Photonic computing for massively
Laurent Daudet, CTO and co-founder at LightOn
Monday, Nov. 8, 2021 3:15 – 4:15pm (CET)
Or on site INF 328
Recent large-scale AI models, in the wake of OpenAi’s GPT-3 model for NLP, offer tremendous potential for applications. However, training such models requires massive amounts of computing resources, already challenging the capacity of some of the largest supercomputing architectures.
In this talk I will present LightOn’s view on how future AI hardware and software should be co-designed, to address some of the hardest computing challenges, such for scaling up language models, recommender systems, or graph neural networks. In particular, I will discuss how LightOn Optical Processing Units (OPUs) can already be seamlessly integrated into a variety of hybrid photonics / silicon pipelines, leveraging randomized algorithms for Machine Learning and Scientific Computing: alternative training methods with guarantees on differential privacy or robustness to adversarial attacks, reinforcement learning, anomaly detection on time series, randomized numerical linear algebra, etc.
Laurent Daudet is currently employed as CTO at LightOn, a startup he co-founded in 2016, where he manages cross-disciplinary R&D projects, involving machine learning, optics, signal processing, electronics, and software engineering.

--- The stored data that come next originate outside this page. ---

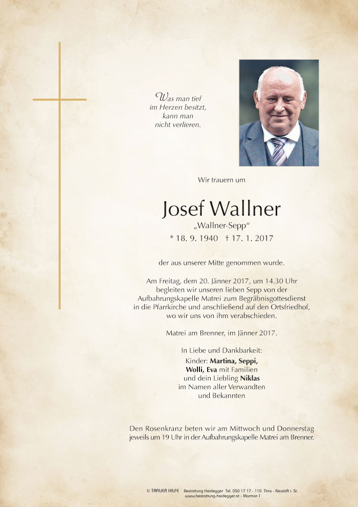 Bestattung wurde durchgeführt von: Karl Neurauter Karl Neurauter Bestattung Heidegger Brennerstraße 69 6150 - Steinach am Brenner Tel.: 05275 5211 zum Bestatter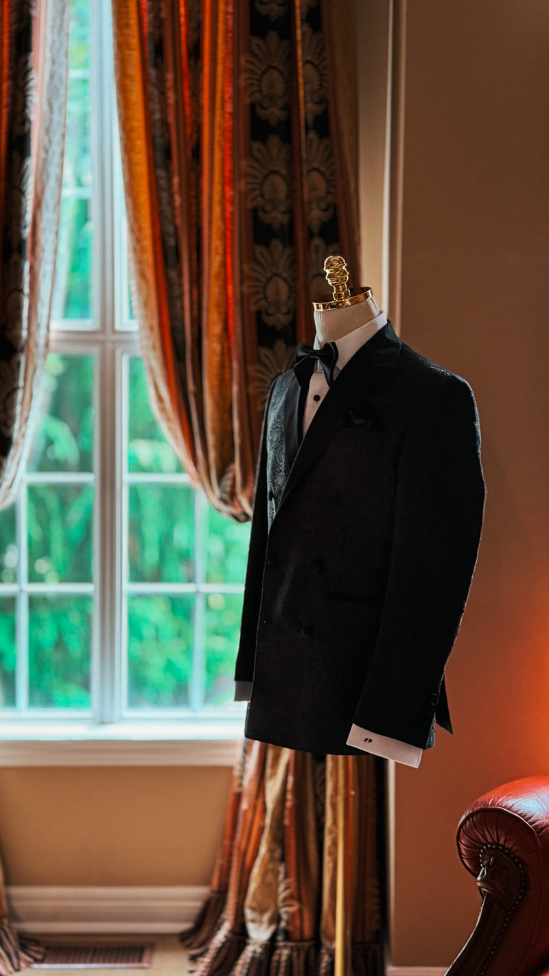 Finding your wedding suit should feel like stepping into a moment, not just an appointment. The Debonair Wedding Experience begins with a private consultation that goes beyond measurements—it’s an exploration of who he is and the story you’re creating together. From the first glass of champagne to the final fitting, every step is designed to feel personal, seamless, and worthy of the day you’ll remember forever.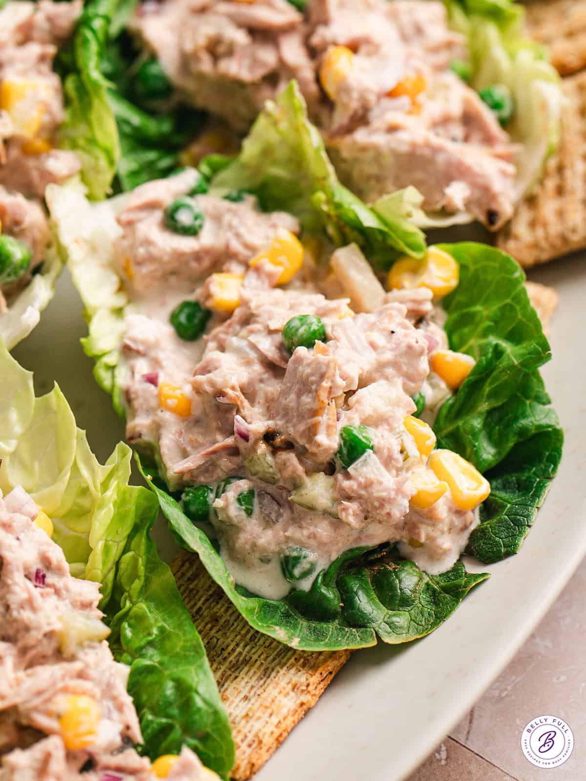 This tuna salad recipe is very versatile! It makes a great tuna sandwich on sturdy sliced bread or a croissant. For a low-carb option, serve it on lettuce leaves. My family also enjoys eating it with crackers, like a dip, as a snack or light lunch.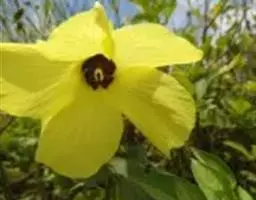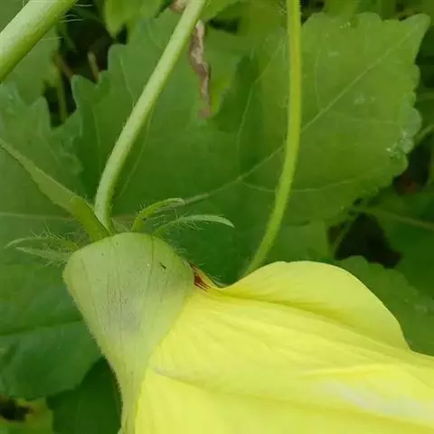 黄蜀葵,别名:秋葵、棉花葵、假阳桃、野芙蓉、黄芙蓉、黄花莲、鸡爪莲、疽疮药、追风药、豹子眼睛花、荞面花,拉丁文名:Abelmoschus manihot (Linn.) Medicus ,锦葵科、秋葵属一年生或多年生粗壮直立草本植物。茎被黄色刚毛。叶大,卵形至近圆形。花期6~8月。原产我国南方。常生于山谷草丛、田边或沟旁灌丛间。分布于印度。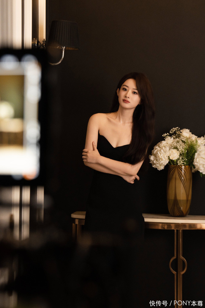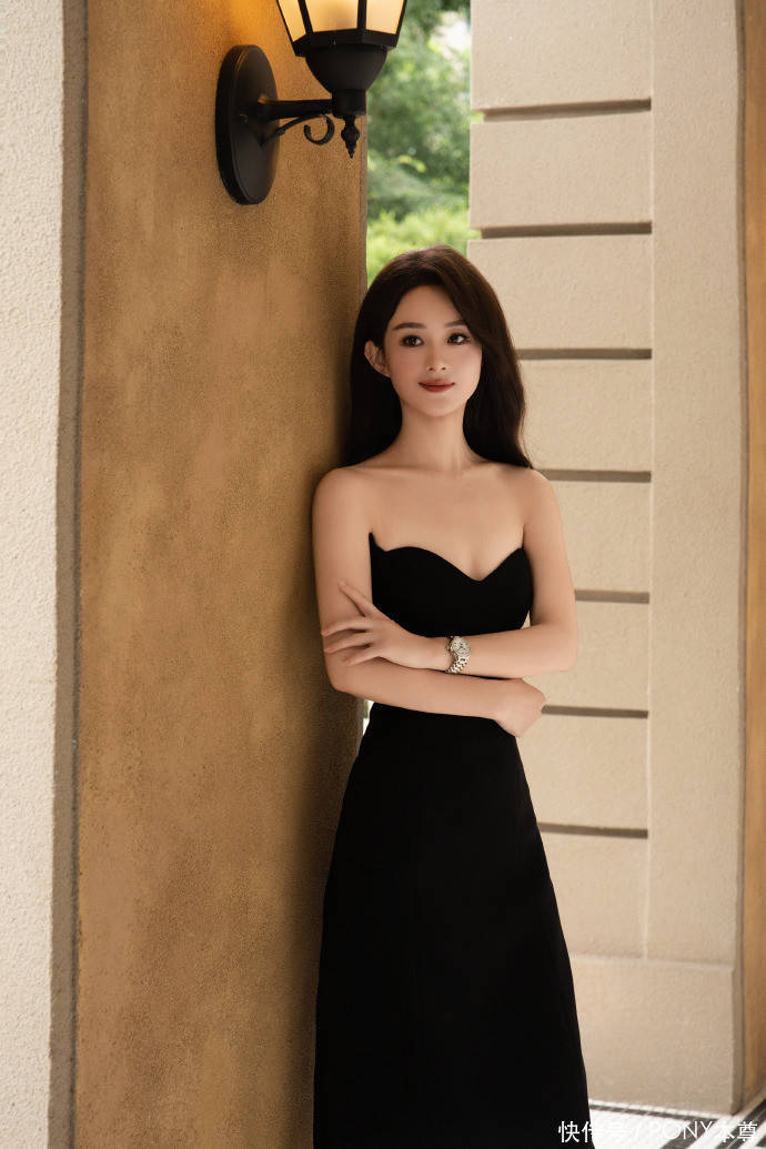 赵丽颖不做甜妹做“气质女王”,穿黑色抹胸裙搭披肩发温柔又高级
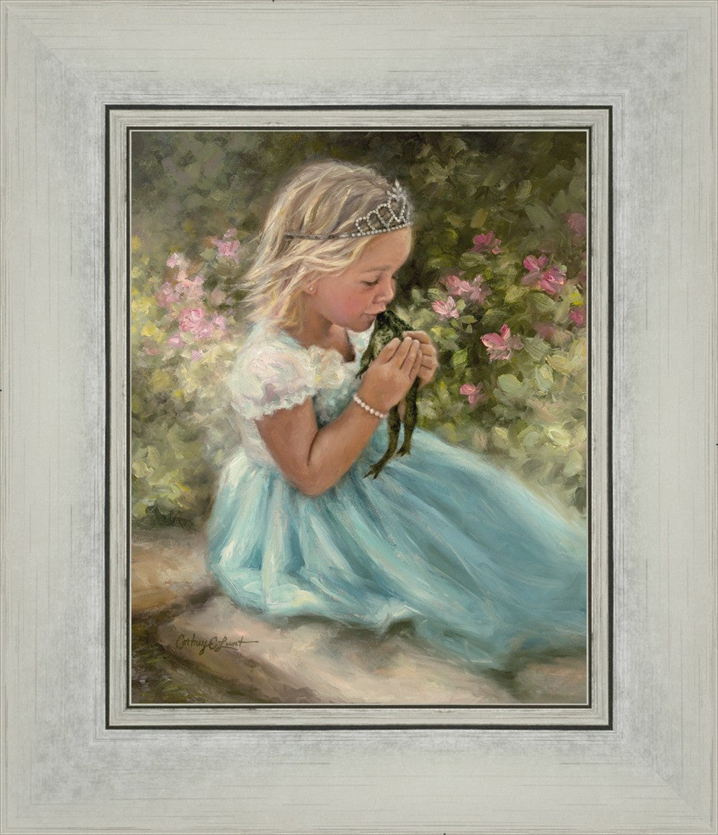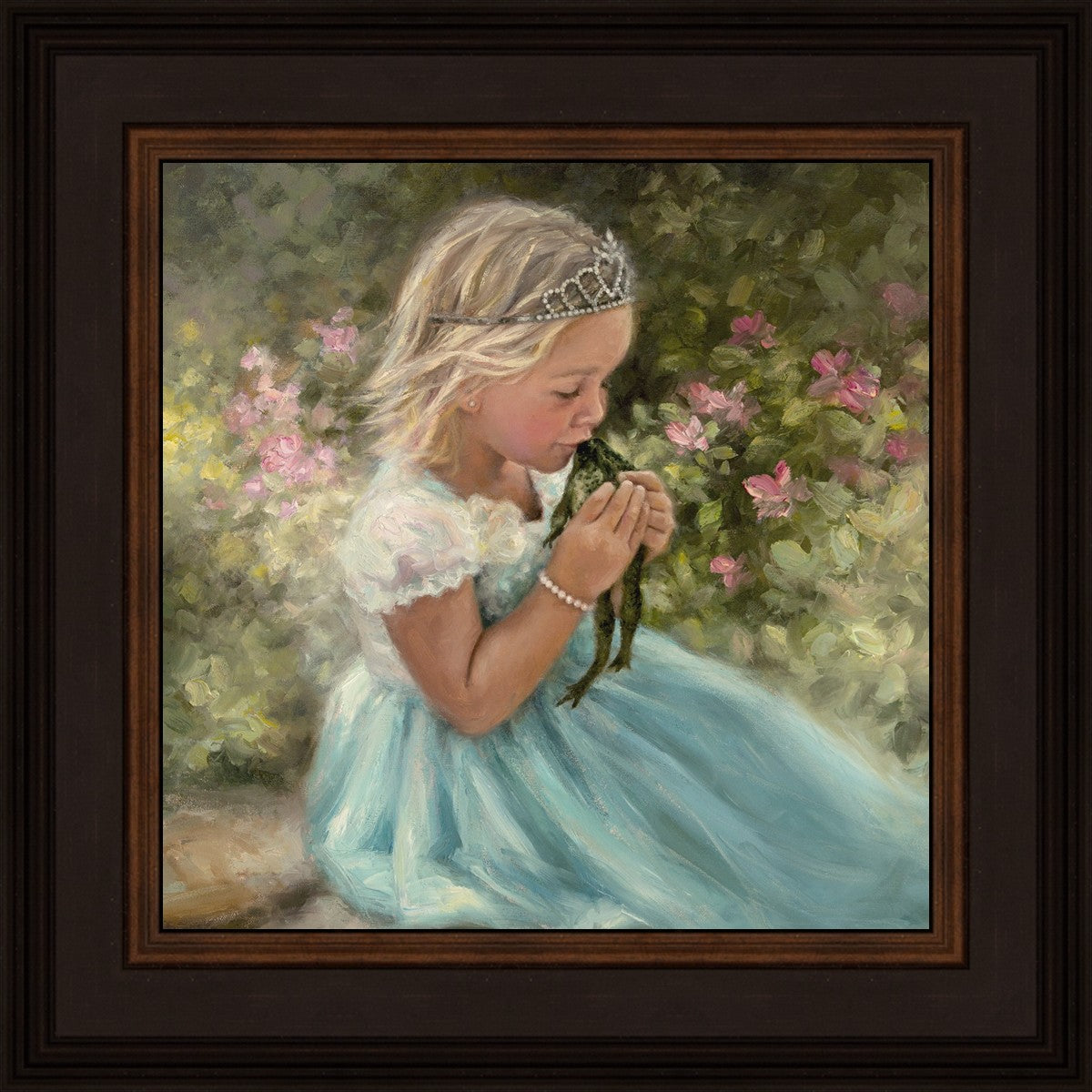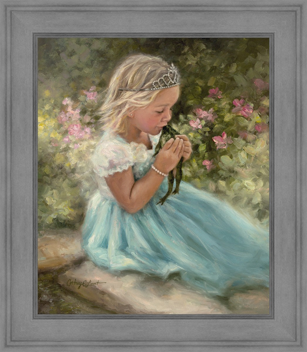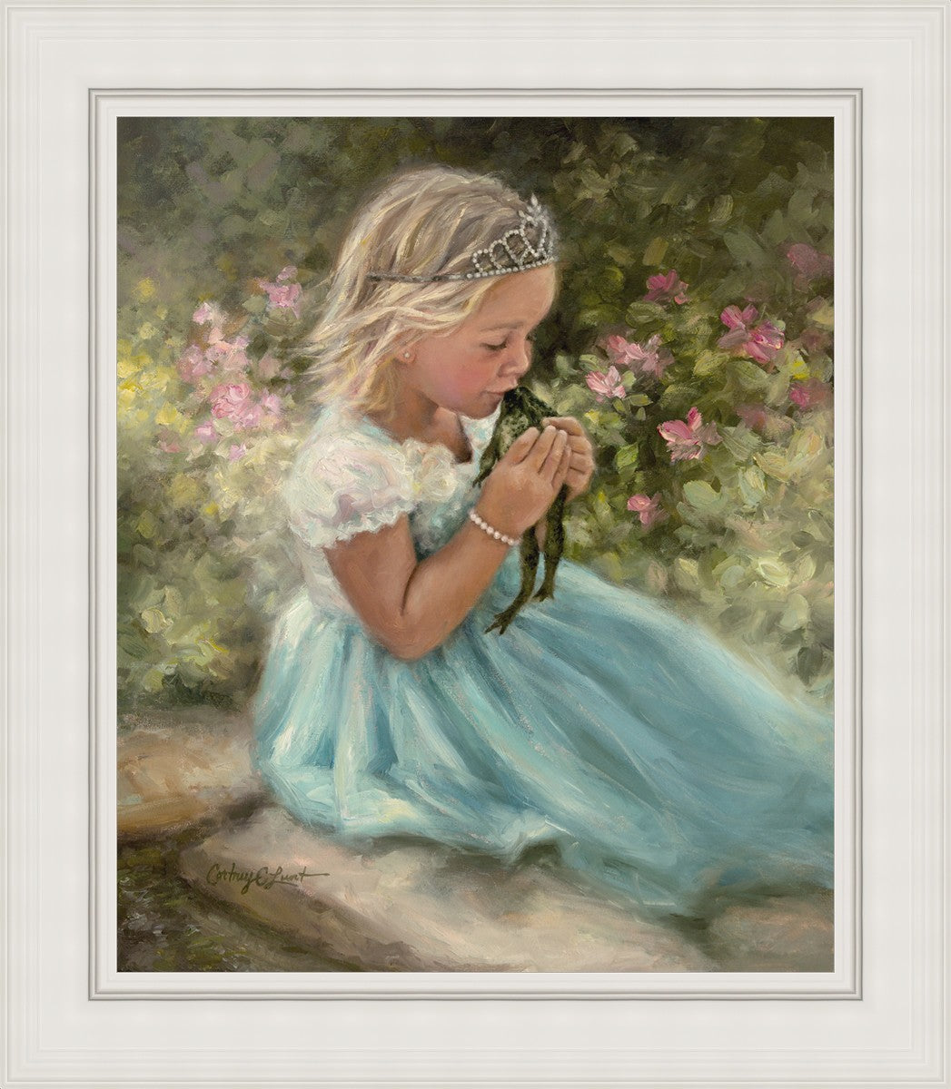 Little girls believe they are princesses. This girl, in particular, had no fear of kissing this toad! She was fully confident that her kiss could make something happen, and she knew she was special in her little gown. For some reason, when girls get a bit older, they forget to believe. They sometimes forget who they truly are. I hope that this painting can bring back some of that belief.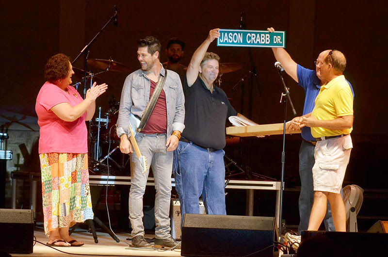 â€We were thrilled to have Jason come home for this concert,†shared Mayor Paul Sandefur. “We were even more thrilled to show him how proud we are of him and his work by naming the street into Beaver Dam’s new amphitheater after Jason, Jason Crabb Drive!” Sandefur, along with City Commissioners Charles Patton, Kevin Davis and Sandy Robinson, presented him with the honor.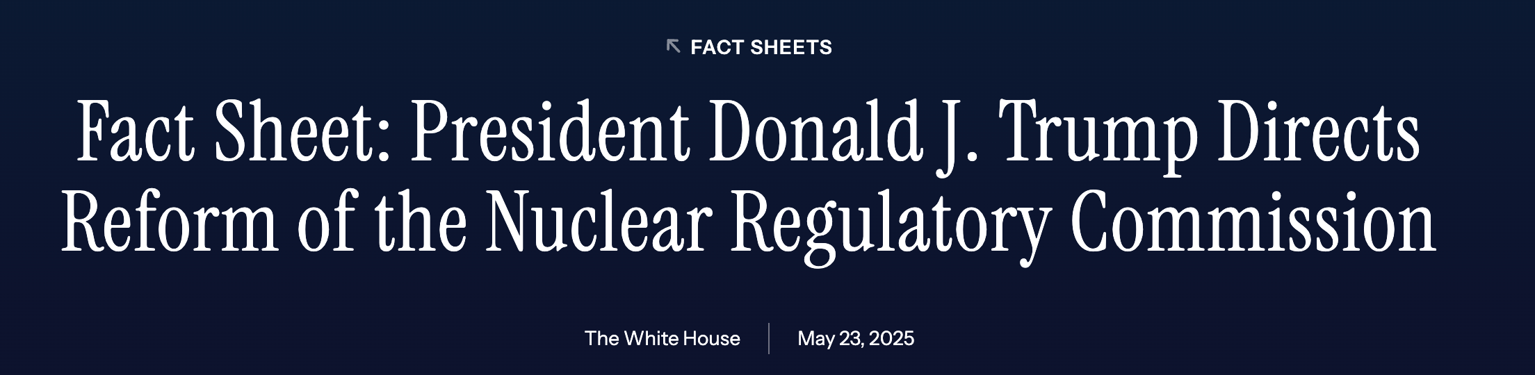 Trump 2.0 in May signed an Executive Order to reform the NRC and push Nuclear strong.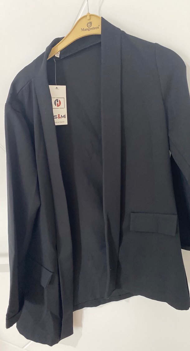 Kadın siyah blazer, kesik yaka ve uzun kollu. Normal boyda, rahat kesim ve ipeksi kumaştan. Ofis ve sokak stiline uygun, desensiz ve koyu renkte.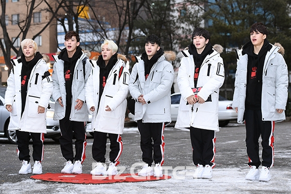 BLK가 22일 오전 서울 영등포구 여의도 KBS 신관 공개홀에서 열린 KBS 2TV '뮤직뱅크'(뮤뱅) 리허설에 참석하기 위해 방송국으로 들어서 인사를 하고 있다.

Laurent is a recognized expert in signal processing and wave physics, and is currently on leave from his position of Professor of Physics at the Université de Paris. Prior to that or in parallel, he has held various academic positions: fellow of the Institut Universitaire de France, associate professor at Universite Pierre et Marie Curie, Visiting Senior Lecturer at Queen Mary University of London, Visiting Professor at the National Institute for Informatics in Tokyo.
Laurent has authored or co-authored more than 200 scientific publications, has been a consultant to various small and large companies, and is a co-inventor in several patents. He is a graduate in physics from Ecole Normale Superieure in Paris, and holds a PhD in Applied Mathematics from Marseille University.